(Extracted records)
------------

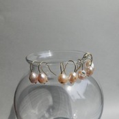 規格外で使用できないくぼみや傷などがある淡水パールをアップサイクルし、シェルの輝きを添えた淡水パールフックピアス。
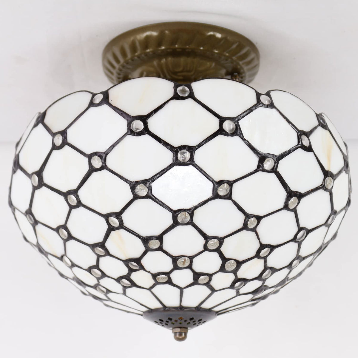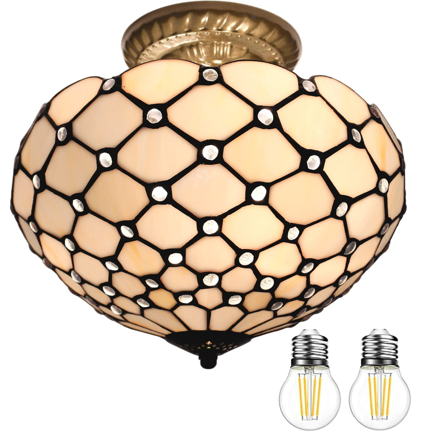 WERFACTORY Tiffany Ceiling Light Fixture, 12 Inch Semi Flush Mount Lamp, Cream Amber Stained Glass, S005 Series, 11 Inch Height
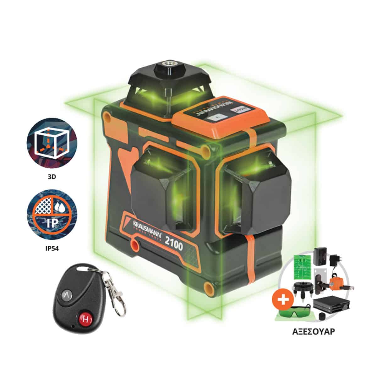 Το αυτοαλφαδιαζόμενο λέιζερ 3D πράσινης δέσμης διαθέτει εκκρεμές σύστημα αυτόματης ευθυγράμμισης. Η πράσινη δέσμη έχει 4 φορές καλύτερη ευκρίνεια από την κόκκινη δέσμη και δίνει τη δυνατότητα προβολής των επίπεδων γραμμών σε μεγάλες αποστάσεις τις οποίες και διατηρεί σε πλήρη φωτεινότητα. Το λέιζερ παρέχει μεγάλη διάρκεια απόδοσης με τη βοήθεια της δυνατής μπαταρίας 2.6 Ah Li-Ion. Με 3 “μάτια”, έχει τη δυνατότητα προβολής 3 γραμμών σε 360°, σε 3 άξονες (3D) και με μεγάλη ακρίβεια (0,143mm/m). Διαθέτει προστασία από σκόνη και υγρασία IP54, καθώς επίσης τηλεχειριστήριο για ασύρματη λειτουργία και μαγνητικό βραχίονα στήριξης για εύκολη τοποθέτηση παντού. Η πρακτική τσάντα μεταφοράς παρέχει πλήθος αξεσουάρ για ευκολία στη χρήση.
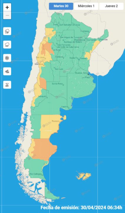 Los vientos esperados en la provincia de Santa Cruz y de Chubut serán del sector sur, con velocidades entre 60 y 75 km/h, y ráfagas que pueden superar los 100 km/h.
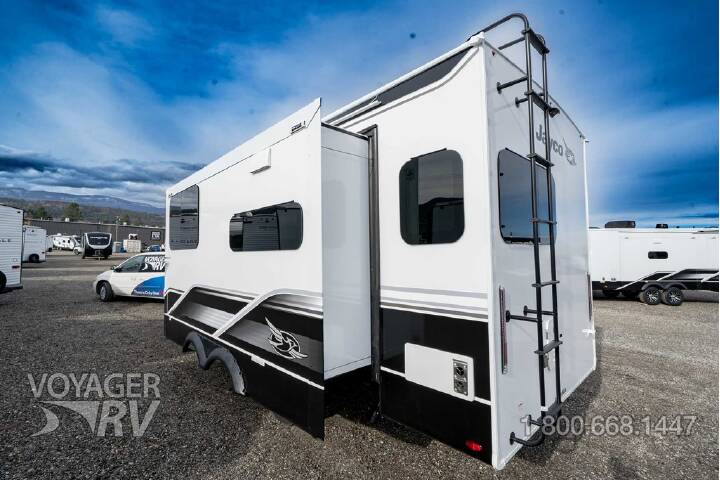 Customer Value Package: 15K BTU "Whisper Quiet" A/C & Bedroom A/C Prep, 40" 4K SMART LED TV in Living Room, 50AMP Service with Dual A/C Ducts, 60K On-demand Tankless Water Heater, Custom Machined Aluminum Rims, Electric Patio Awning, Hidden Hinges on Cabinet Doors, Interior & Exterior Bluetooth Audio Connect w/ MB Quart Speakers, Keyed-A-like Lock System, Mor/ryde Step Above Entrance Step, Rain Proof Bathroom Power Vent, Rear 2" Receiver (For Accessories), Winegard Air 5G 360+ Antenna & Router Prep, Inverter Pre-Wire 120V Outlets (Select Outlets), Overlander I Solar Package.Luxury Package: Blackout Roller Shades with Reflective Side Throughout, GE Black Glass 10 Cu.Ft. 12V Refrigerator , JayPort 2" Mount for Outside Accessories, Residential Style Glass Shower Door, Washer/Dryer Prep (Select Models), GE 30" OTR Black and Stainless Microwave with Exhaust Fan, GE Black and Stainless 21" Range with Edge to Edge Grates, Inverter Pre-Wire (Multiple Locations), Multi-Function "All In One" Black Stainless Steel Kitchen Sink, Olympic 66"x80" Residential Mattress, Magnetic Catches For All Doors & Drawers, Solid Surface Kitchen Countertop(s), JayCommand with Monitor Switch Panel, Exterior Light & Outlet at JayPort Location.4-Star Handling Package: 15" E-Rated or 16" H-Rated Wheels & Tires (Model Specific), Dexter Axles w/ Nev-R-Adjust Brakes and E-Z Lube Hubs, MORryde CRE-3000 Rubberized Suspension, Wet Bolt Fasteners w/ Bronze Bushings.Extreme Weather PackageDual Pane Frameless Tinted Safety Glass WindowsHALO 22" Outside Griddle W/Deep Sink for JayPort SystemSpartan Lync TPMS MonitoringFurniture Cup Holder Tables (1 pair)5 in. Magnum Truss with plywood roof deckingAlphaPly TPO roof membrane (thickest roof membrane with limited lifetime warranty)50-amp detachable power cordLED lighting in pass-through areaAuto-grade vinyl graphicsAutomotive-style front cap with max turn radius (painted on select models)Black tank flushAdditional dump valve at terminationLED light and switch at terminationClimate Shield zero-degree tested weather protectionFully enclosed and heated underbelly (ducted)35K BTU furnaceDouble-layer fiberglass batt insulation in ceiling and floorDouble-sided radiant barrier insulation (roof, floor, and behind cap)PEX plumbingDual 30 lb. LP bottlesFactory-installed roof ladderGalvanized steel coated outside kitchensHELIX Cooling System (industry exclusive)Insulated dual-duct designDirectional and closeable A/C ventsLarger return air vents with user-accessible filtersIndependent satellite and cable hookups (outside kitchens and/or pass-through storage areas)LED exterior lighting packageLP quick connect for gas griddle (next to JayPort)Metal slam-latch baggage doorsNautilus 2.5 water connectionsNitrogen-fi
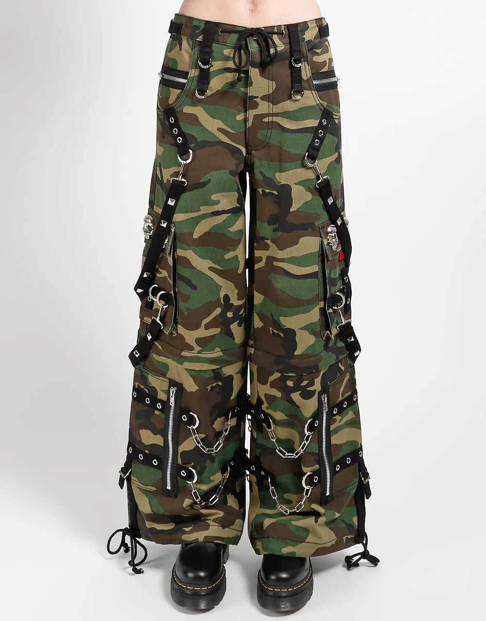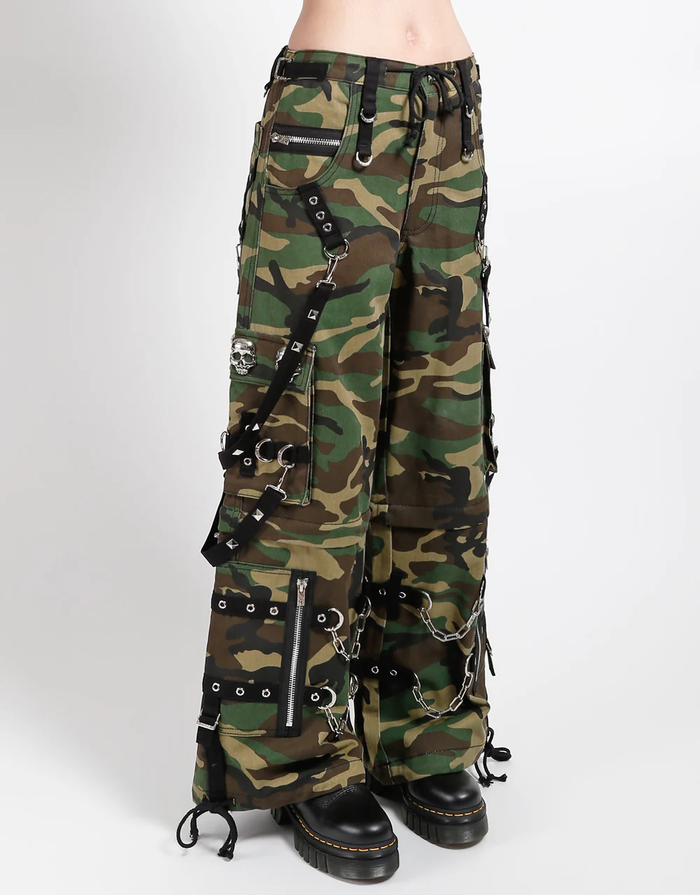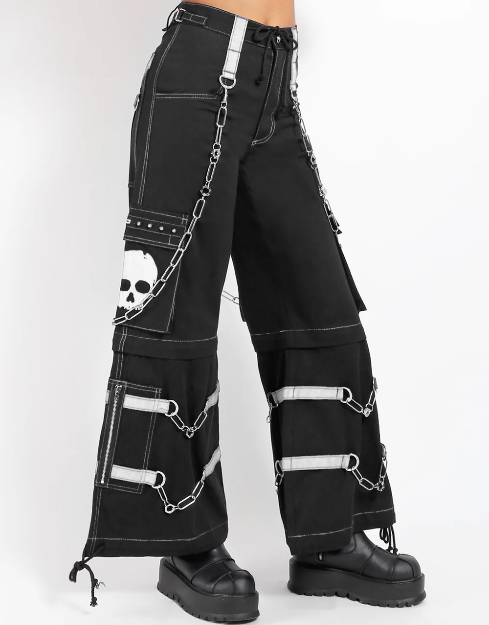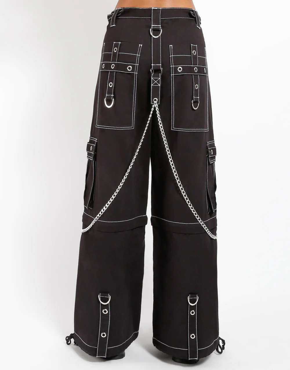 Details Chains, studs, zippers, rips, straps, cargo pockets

------------

→ **Task to carry out**
Could you write all the entries out again exactly, but without their pictures?

→ **Problem solution**
 規格外で使用できないくぼみや傷などがある淡水パールをアップサイクルし、シェルの輝きを添えた淡水パールフックピアス。
 WERFACTORY Tiffany Ceiling Light Fixture, 12 Inch Semi Flush Mount Lamp, Cream Amber Stained Glass, S005 Series, 11 Inch Height
 Το αυτοαλφαδιαζόμενο λέιζερ 3D πράσινης δέσμης διαθέτει εκκρεμές σύστημα αυτόματης ευθυγράμμισης. Η πράσινη δέσμη έχει 4 φορές καλύτερη ευκρίνεια από την κόκκινη δέσμη και δίνει τη δυνατότητα προβολής των επίπεδων γραμμών σε μεγάλες αποστάσεις τις οποίες και διατηρεί σε πλήρη φωτεινότητα. Το λέιζερ παρέχει μεγάλη διάρκεια απόδοσης με τη βοήθεια της δυνατής μπαταρίας 2.6 Ah Li-Ion. Με 3 “μάτια”, έχει τη δυνατότητα προβολής 3 γραμμών σε 360°, σε 3 άξονες (3D) και με μεγάλη ακρίβεια (0,143mm/m). Διαθέτει προστασία από σκόνη και υγρασία IP54, καθώς επίσης τηλεχειριστήριο για ασύρματη λειτουργία και μαγνητικό βραχίονα στήριξης για εύκολη τοποθέτηση παντού. Η πρακτική τσάντα μεταφοράς παρέχει πλήθος αξεσουάρ για ευκολία στη χρήση.
 Los vientos esperados en la provincia de Santa Cruz y de Chubut serán del sector sur, con velocidades entre 60 y 75 km/h, y ráfagas que pueden superar los 100 km/h.
 Customer Value Package: 15K BTU "Whisper Quiet" A/C & Bedroom A/C Prep, 40" 4K SMART LED TV in Living Room, 50AMP Service with Dual A/C Ducts, 60K On-demand Tankless Water Heater, Custom Machined Aluminum Rims, Electric Patio Awning, Hidden Hinges on Cabinet Doors, Interior & Exterior Bluetooth Audio Connect w/ MB Quart Speakers, Keyed-A-like Lock System, Mor/ryde Step Above Entrance Step, Rain Proof Bathroom Power Vent, Rear 2" Receiver (For Accessories), Winegard Air 5G 360+ Antenna & Router Prep, Inverter Pre-Wire 120V Outlets (Select Outlets), Overlander I Solar Package.Luxury Package: Blackout Roller Shades with Reflective Side Throughout, GE Black Glass 10 Cu.Ft. 12V Refrigerator , JayPort 2" Mount for Outside Accessories, Residential Style Glass Shower Door, Washer/Dryer Prep (Select Models), GE 30" OTR Black and Stainless Microwave with Exhaust Fan, GE Black and Stainless 21" Range with Edge to Edge Grates, Inverter Pre-Wire (Multiple Locations), Multi-Function "All In One" Black Stainless Steel Kitchen Sink, Olympic 66"x80" Residential Mattress, Magnetic Catches For All Doors & Drawers, Solid Surface Kitchen Countertop(s), JayCommand with Monitor Switch Panel, Exterior Light & Outlet at JayPort Location.4-Star Handling Package: 15" E-Rated or 16" H-Rated Wheels & Tires (Model Specific), Dexter Axles w/ Nev-R-Adjust Brakes and E-Z Lube Hubs, MORryde CRE-3000 Rubberized Suspension, Wet Bolt Fasteners w/ Bronze Bushings.Extreme Weather PackageDual Pane Frameless Tinted Safety Glass WindowsHALO 22" Outside Griddle W/Deep Sink for JayPort SystemSpartan Lync TPMS MonitoringFurniture Cup Holder Tables (1 pair)5 in. Magnum Truss with plywood roof deckingAlphaPly TPO roof membrane (thickest roof membrane with limited lifetime warranty)50-amp detachable power cordLED lighting in pass-through areaAuto-grade vinyl graphicsAutomotive-style front cap with max turn radius (painted on select models)Black tank flushAdditional dump valve at terminationLED light and switch at terminationClimate Shield zero-degree tested weather protectionFully enclosed and heated underbelly (ducted)35K BTU furnaceDouble-layer fiberglass batt insulation in ceiling and floorDouble-sided radiant barrier insulation (roof, floor, and behind cap)PEX plumbingDual 30 lb. LP bottlesFactory-installed roof ladderGalvanized steel coated outside kitchensHELIX Cooling System (industry exclusive)Insulated dual-duct designDirectional and closeable A/C ventsLarger return air vents with user-accessible filtersIndependent satellite and cable hookups (outside kitchens and/or pass-through storage areas)LED exterior lighting packageLP quick connect for gas griddle (next to JayPort)Metal slam-latch baggage doorsNautilus 2.5 water connectionsNitrogen-fi
 Details Chains, studs, zippers, rips, straps, cargo pockets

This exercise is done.